MontyCarloHall 2 days ago | parent [-]

This is a great conference talk, thanks for sharing!

To summarize, the authors enlisted a panel of expert developers to review the quality of various pull requests, in terms of architecture, readability, maintainability, etc. (see 8:27 in the video for a partial list of criteria), and then somehow aggregate these criteria into an overall "productivity score." They then trained a model on the judgments of the expert developers, and found that their model had a high correlation with the experts' judgment. Finally, they applied this model to PRs across thousands of codebases, with knowledge of whether the PR was AI-assisted or not.

They found a 35-40% productivity gain for easy/greenfield tasks, 10-15% for hard/greenfield tasks, 15-20% for easy/brownfield tasks, and 0-10% for hard/brownfield tasks. Most productivity gains went towards "reworked" code, i.e. refactoring of recent code.

All in all, this is a great attempt at rigorously quantifying AI impact. However, I do take one major issue with it. Let's assume that their "productivity score" does indeed capture the overall quality of a PR (big assumption). I'm not sure this measures the overall net positive/negative impact to the codebase.

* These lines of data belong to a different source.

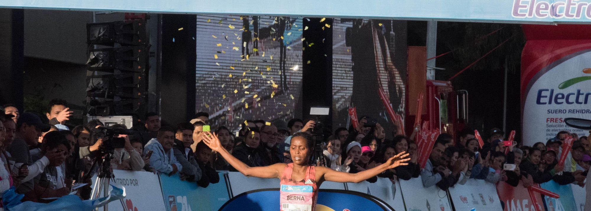 Afera Godfay Berha of Ethiopia broke the women’s Mexican all-comers half marathon record at the 33rd Electrolit Guadalajara Half Marathon, an IAAF Gold Label road race, on Sunday (24).
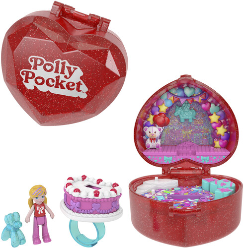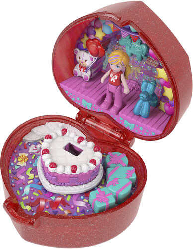 Celebrate with Polly in a heart-shaped Ring Box Compact featuring a transparent glitter finish. Inside, Polly doll enjoys a festive party scene complete with a balloon animal pet and a removable, adjustable cake-themed ring.
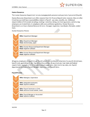 departments can have a Payroll Manager, Supervisor, and Payroll Clerks.
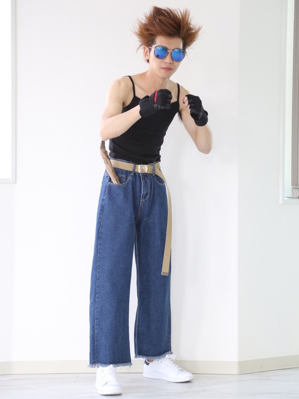 ボクちゃんの某格闘ゲームにいそうなキャラコーデ どう? 波〇拳とか打ちそうでしょ?w ちなみに一応言っておくけど下のワイドデニムパンツとか普通に穿けば可愛いから安心してねww
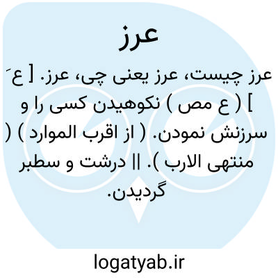 عرز. [ ع َ ] ( ع مص ) نکوهیدن کسی را و سرزنش نمودن. ( از اقرب الموارد ) ( منتهی الارب ). || درشت و سطبر گردیدن. ( منتهی الارب ). || گرفته و ترنجیده گردیدن و منقبض شدن. ( ناظم الاطباء ). || سخت کشیدن. ( منتهی الارب ) ( از اقرب الموارد ) ( از ناظم الاطباء ). || در کف گرفتن چیزی را و چسبانیدن انگشتان را بر آن، به اینکه می نماید از آن برخی و ننماید تمام آنرا تا که مشتاق دیدنش گردد. ( منتهی الارب ) ( از اقرب الموارد ).
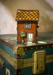 Irradia una soffusa luce calda dalle finestre, una piccola lampada a forma di casa in terracotta con il tetto ricoperto di tegole, le persiane in legno alle finestre, colori sgargianti alle pareti e l’immancabile cane da guardia in giardino. Il suo nome è Toto così come scritto nella sua cuccia.
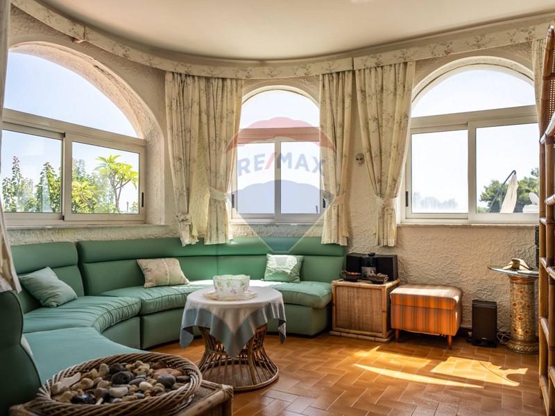 Il corridoio disimpegno ci porta ad una graziosa cucina con uscita con porta finestra su uno dei viali che costeggia la villa e alle due camere da letto con finestra e bellissimo e unico panorama sul mare, mentre il bagno di recente ristrutturazione serve le esigenze del piano, infine una seconda zona living si affaccia sul giardino con un ulteriore terrazzo panoramico.
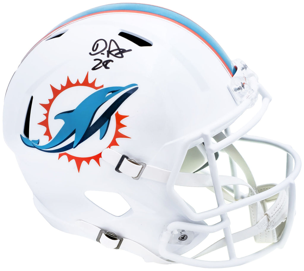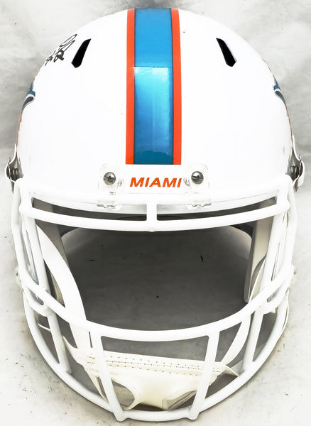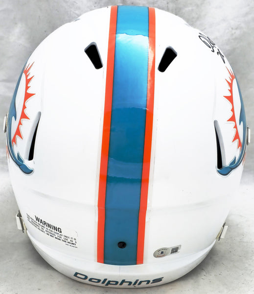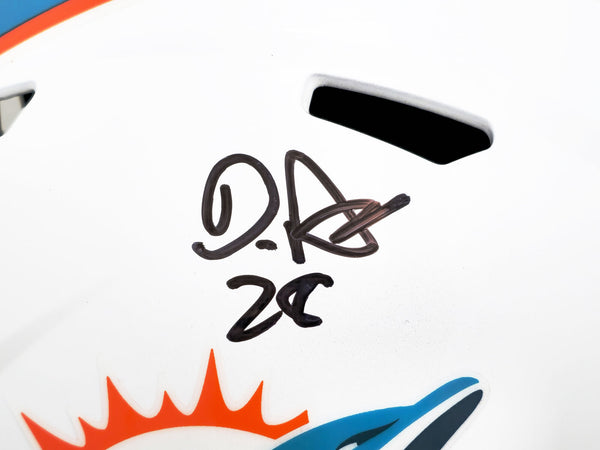 This is a Miami Dolphins White Full Size Speed Replica Helmet that has been hand signed by De'Von Achane. This item has been witnessed and certified authentic by Beckett Authentication (BAS) and comes with their tamper-proof witness sticker.
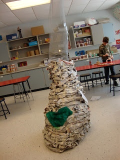 Again, it was way over their head what I was trying to "get out of them" and because this was the first time we ever put up an art show that goes along with the theme of our school play, the students didn't really get what the point of the project was. I'd have to admit, the creation of the tornado and watching it grow every day was a bigger hit.
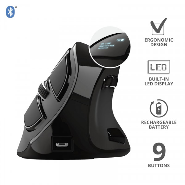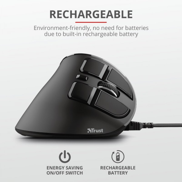 Trust Voxx Ergonomic Rechargeable Wireless Mouse призначена для користувачів, які шукають максимальний комфорт під час тривалої роботи за комп'ютером. Її вертикальна форма допомагає зменшити навантаження на зап'ястя та покращити ергономіку робочого процесу. Миша має 9 програмованих кнопок, серед яких додаткові бокові кнопки для зручної навігації у браузері, а також спеціальну кнопку для регулювання DPI, що дозволяє налаштувати швидкість курсора.
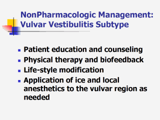 is not a sexually transmitted disease or a malignant condition Patient education and counseling:It is important to provide the patient information brochures on vulvodynia and encourage them to join the National Vulvodynia Association (www.nva.org) which can provide them with education and support. Life style modification:
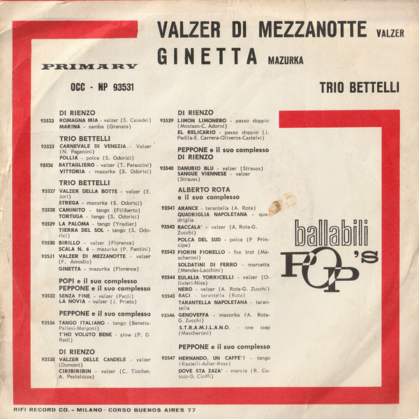 Trio Bettelli - Valzer Di Mezzanotte / Ginetta
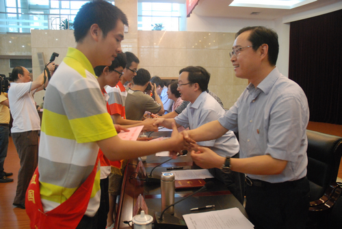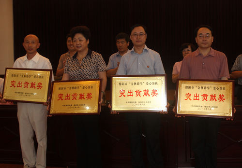 ??? 本网讯? 8月22日,,,,,,,,绵阳市2013年“金秋助学”运动助学金发放仪式在市政府聚会室举行。。。。。绵阳市委书记罗强,,,,,,,,市长林书成,,,,,,,,市人大主任蒋仁富,,,,,,,,市政协主席张世虎,,,,,,,,市委常委、市总工会主席罗晓东,,,,,,,,副市长经大忠等向导出席仪式,,,,,,,,省总工会副主席纪小玲等相关向导受邀出席仪式。。。。。集团公司常务副董事长、总司理、党委书记李亿中作为爱心企业代表出席仪式并在主席台就座。。。。。??? 仪式现场,,,,,,,,李亿中总司理代表集团公司接受市委、市政府授予的金秋助学爱心帮扶“突出孝顺奖”,,,,,,,,作为爱心企业的唯一代表降P蘑向受助学生发放助学金。。。。。
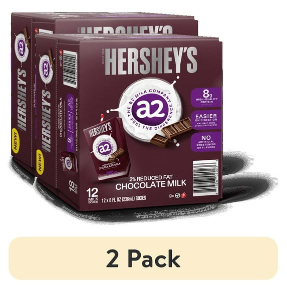 - 2-pack of HERSHEY’S a2 Milk® Chocolate 2% Reduced Fat Milk Boxes, 8 oz, 12-Pack

Just because a PR is well-written according to a panel of expert engineers doesn't mean it's valuable to the project as a whole. Plenty of well-written code is utterly superfluous (trivial object setters/getters come to mind). Conversely, code that might appear poorly written to an outsider expert engineer could be essential to the project (the highly optimized C/assembly code of ffmpeg comes to mind, or to use an extreme example, anything from Arthur Whitney). "Reworking" that code to be "better written" would be hugely detrimental, even though the judgment of an outside observer (and an AI trained on it) might conclude that said code is terrible.